Your brain won't be encrypted, but your ability to communicate with the outside world will be. You will be fully locked-in until you send 100 BTC to an address. Seeing you have been hacked, they can reverse it with a surgical procedure, but unfortunately they can't get your consent. After seven months they turn off your brain interface due to missed payments and now you can communicate (badly), but the interest on your debt is such that you will perpetually be in financial hardship. You have a legal right to dispute the costs, but within 0.00000892 seconds GPT-42 decided you didn't have a case, and you have no right to take your complaint further. It's back to the lithium mines for you with your crippled legs - an accident resulting from a bug in an autonomous vehicle that damaged your spine. At least the accident got you a one-month free trial for the brain chip.

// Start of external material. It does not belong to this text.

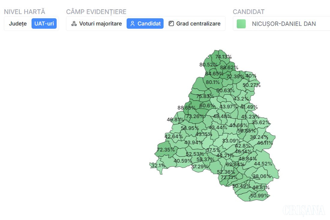 În județul Bihor Nicușor Dan a câștigat alegerile cu un procent de 63,64% (182.029 voturi), în timp ce George Simion a strâns 36,36% (103.995 voturi). În municipiul Oradea Nicușor Dan a câștigat detașat cu 73,26%, înregistrând scoruri bune în toate celelalte orașe: Aleșd 55,06%, Beiuș 62,84%, Marghita 72,99%, Salonta 72.35%, Săcueni 80,1%, Ștei 58,76%, Vașcău 53,66%, Valea lui Mihai 84,75%. Singurul „oraș” pierdut de Dan este Nucetul, unde a înregistrat doar 455 voturi (46,81%). Nordul județului a votat masiv cu Nicușor Dan, în timp ce sudul l-a preferat pe George Simion – comuna Pietroasa 61,94%, Dobreștiul 66,91%, Olcea 62,71%, Borod 64,38%, Avram Iancu 67,9%.

More realistically: they'll just brick your expensive brain implant directly with a remote update, and cryptolock it.

Try sending that back in for repair :D


We can write safe, un-hackable software, when we have to. I doubt this will be an issue.


This is impressive, it's hard to imagine all the implications of a BMI.


> "I can [think about where to] look and it goes where I want it to. It's insane.”

Aimbot! :)


I wonder if they've done anything to slow the rate of fiber retraction. I recall the first one lost most of its connections very quickly.


The release explicitly states that while they saw 85% retraction in the first subject, “Promisingly, we have observed no thread retraction in our second participant,"

Obviously it is quite early but they also talk about mitigation strategies that were taken to directly address the problem.

Edit: typo


They mention they did in the article...


> Thread Retraction Mitigations

> With our first participant, Noland, we observed a degree of thread retraction that temporarily reduced his BCI performance. The threads have stabilized, and the performance of Noland’s Link has since recovered — more than doubling the prior world record for BCI cursor control.

> To reduce the probability of thread retraction in our second participant, we implemented a number of mitigations, including reducing brain motion during the surgery and reducing the gap between the implant and the surface of the brain. We discussed these measures in greater detail in our live update prior to our second participant’s surgery.

> Promisingly, we have observed no thread retraction in our second participant.